В Москве проходило уплотнение, и ко мне вселили семью доктора Тушнова. Опасаясь воров, доктор врезал в дверь несколько новых замков, которые можно было открыть — и то не всегда успешно — только изнутри, зная секрет сложной механики.
Я позвонил — молчание. Еще раз.
— Так мы всю ночь под дверью простоим, — раздраженно сказал Виктор. — Ты не миндальничай, стучи кулаком! Разоспались!
Я последовал его совету, но к двери по-прежнему никто не подходил.
— Сильны спать! — почти с восхищением сказал второй красногвардеец, который молчал всю дорогу. — Ну и буржуи! Запросто всю революцию проспят. Продерут глаза — ан уже коммунизм!
— Не спят они, просто отпереть боятся. Дай-кась я! — сказал разговорчивый красногвардеец. Он опустил Тузика на лестничную площадку и грохнул в дверь прикладом.
— Эй, вы, открывайте!
— У меня оружие, я буду отстреливаться, — послышался из-за двери дрожащий голос доктора.
— Я тебе стрельну! — рявкнул красногвардеец.
— Я брал призы за меткость, — таким же бесцветным голосом прошелестел доктор.
С перепугу доктор действительно мог выстрелить.
— Борис Николаевич, — вмешался я, стараясь говорить как можно спокойнее и убедительнее, — пожалуйста, не волнуйтесь. Никто на вас не собирается нападать. Это же я и Сухоруков, тот Сухоруков, который в нашем дворе живет. Мы пришли ночевать. Вы узнаете мой голос, правда?
— Голос можно изменить.
— Но кому это нужно?
— Грабителям, — последовал обоснованный ответ.
Дипломатические переговоры через дверь продолжались минут десять. Наконец доктор, не снимая цепочки, приоткрыл дверь и только убедившись, что мы именно те, за кого себя выдаем, впустил нас в прихожую.
В моей комнате, загроможденной мебелью, было холодно и сыро: дома я бывал редко и топил свою «пчелку» от случая к случаю.

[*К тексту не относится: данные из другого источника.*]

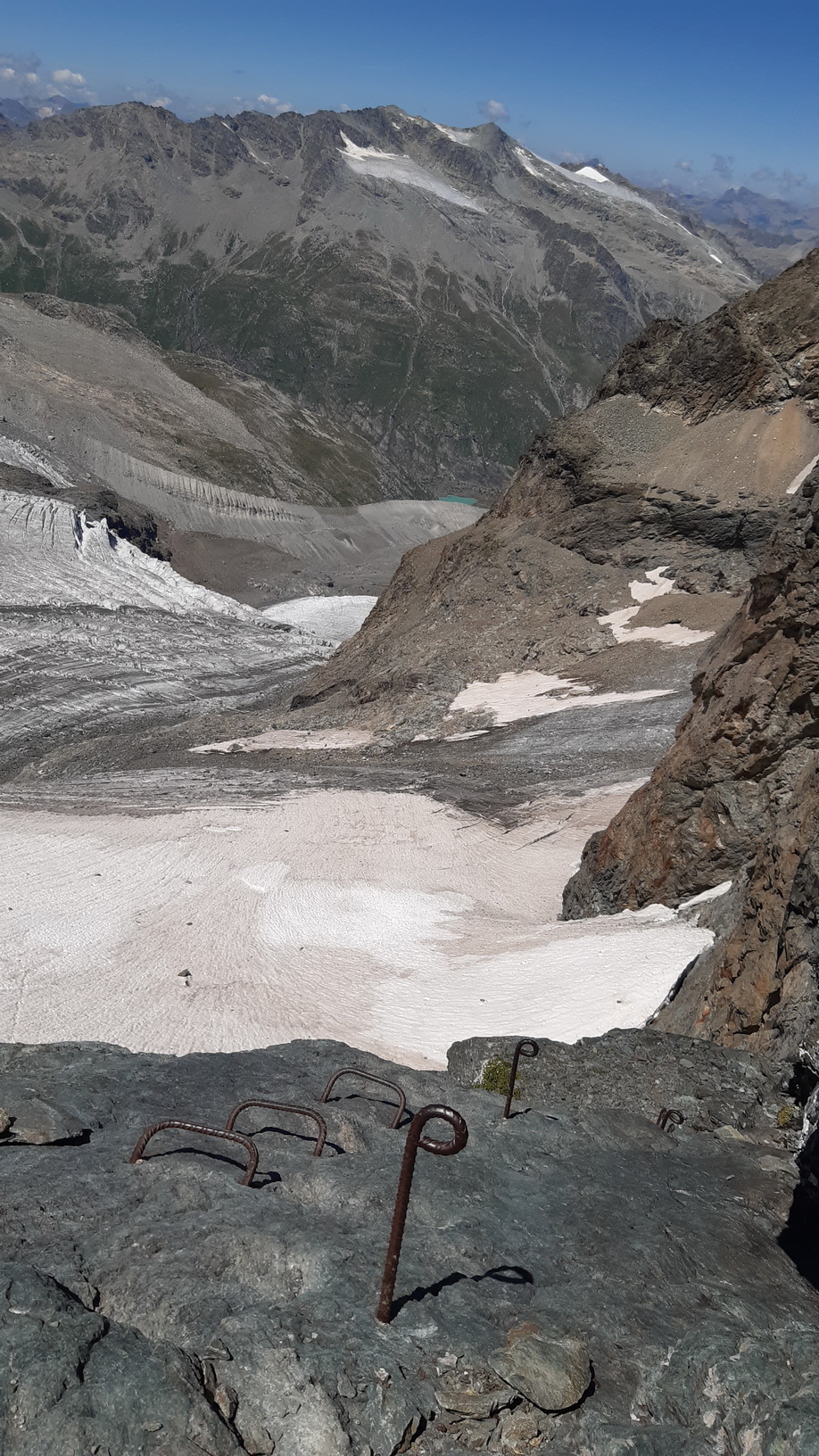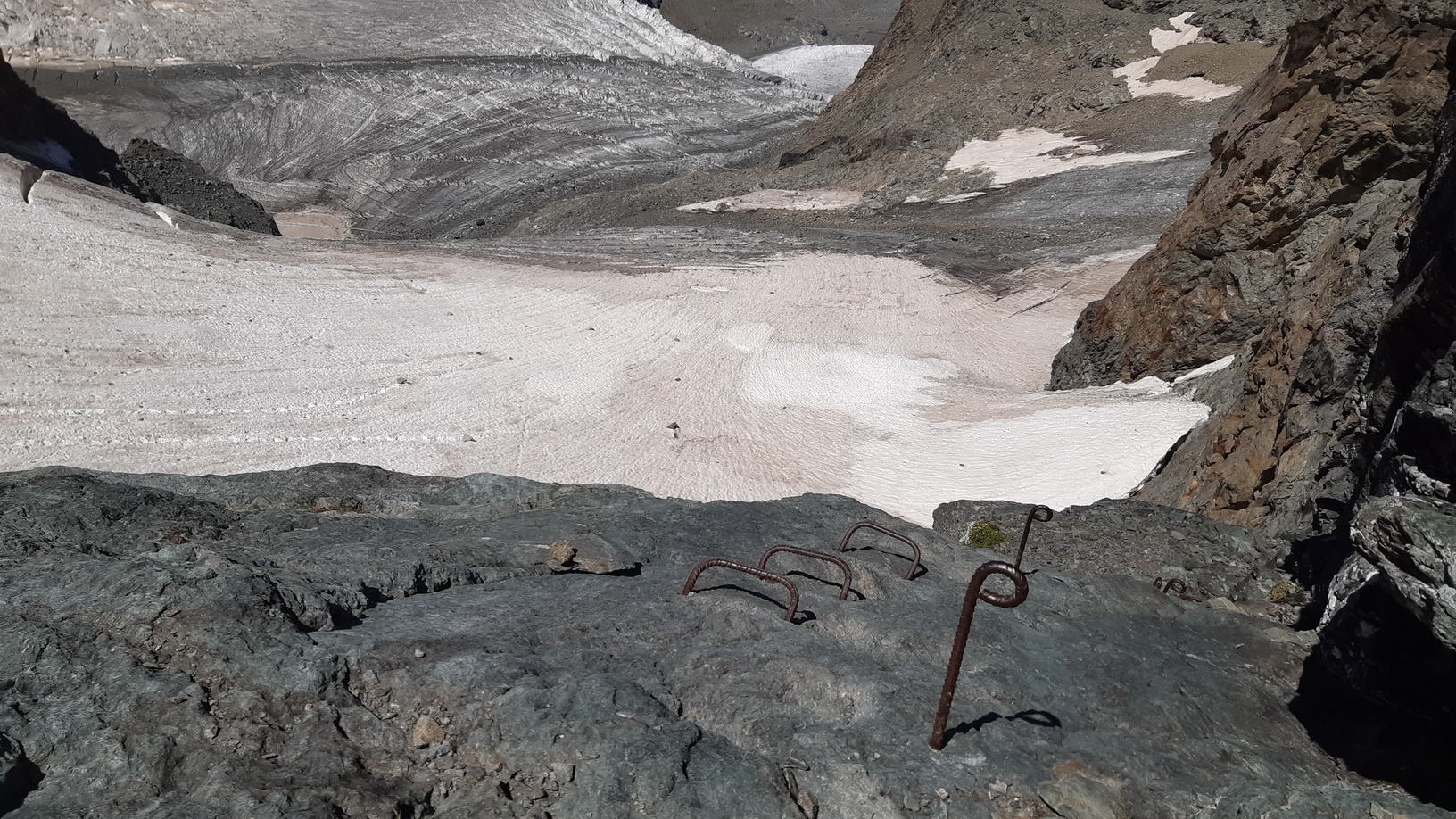 Nebol som si istý, či sa bude vedieť v členitom hrebeni dobre orientovať, a tak som sa otočil a zostúpil s ním až na ľadovec pod ferratu. Aj tento prípad len potvrdil, že výstup cez Biancograt nie je dobré podceňovať a je potrebné byť dobre pripravený na to čo vás čaká. V hornej skalnej časti medzi Piz Bianco a Berninou sú dva krátke zlaňáky, pri zostupe na chatu Marco e Rosa je ďalší zlaňák a pre tých, ktorí by sa chceli prípadne vrátiť naspäť Biancogratom, je rozhodujúci faktor snehová podmienka, v prípade vodného ľadu je totiž zliezanie oveľa náročnejšie a nebezpečnejšie ako výstup hore.

Мы уложили Тузика на большую двухспальную кровать карельской березы, разжав плотно стиснутые зубы, влили в рот немного микстуры. Тузик дернулся, перевернулся на бок, что-то забормотал.
Виктору я постелил на диване, себе на кушетке. Вместе растопили печурку. Я смертельно устал, голова была тяжелой, мутной. Передо мной стояло желтое, с заострившимся носом лицо Лесли, оскаленный в застывшей полуулыбке рот, и я видел кружащиеся снежинки, которые падали на его щеки и не таяли. А глаза у Лесли были открыты, и снежинки, попадая на них, тоже не таяли. Интересно, сколько Лесли было лет? Наверное, не больше двадцати пяти. И недаром его прозвали Красивым. Действительно, красивый, очень красивый. Наверно, не одной гимназистке голову вскружил… Хотя при чем тут гимназистки? Ведь он не учился в гимназии. А может быть, учился? Что за ерунда в голову лезет?…
Я приподнялся на локте и закурил.
— Не спишь? — спросил Виктор.
— Не спится.
— Мне тоже. Все об этом деле думаю. Сволочь все-таки Арцыгов. Ему что вошь, что человек. Раз — и нету. За что он его убил?
— Ну, бандит все-таки…
— А бандит не человек? Я позавчера одного налетчика допрашивал… «Что, — говорит, — думаешь, я налетчиком родился? Я, — говорит, — может, поэтом родился. Я, — говорит, — может, почище Пушкина стихи складываю». Ну, насчет Пушкина он вгорячах приврал, а стихи действительно здорово написаны. Там мне одна строка запомнилась: «Необычное обычно только в сказках и стихах…» Здорово?
— Ничего.
— Не ничего, а здорово. Хорошие стихи, лиричные. А вот на тебе, налетчик… Мать у него проститутка, отец барыга. С девяти лет воровать посылали, не кормили. А он на ворованные деньги Пушкина, Лермонтова, Кольцова покупал… А мать его, думаешь, от хорошей жизни на панель пошла? Сложно все это, Сашка!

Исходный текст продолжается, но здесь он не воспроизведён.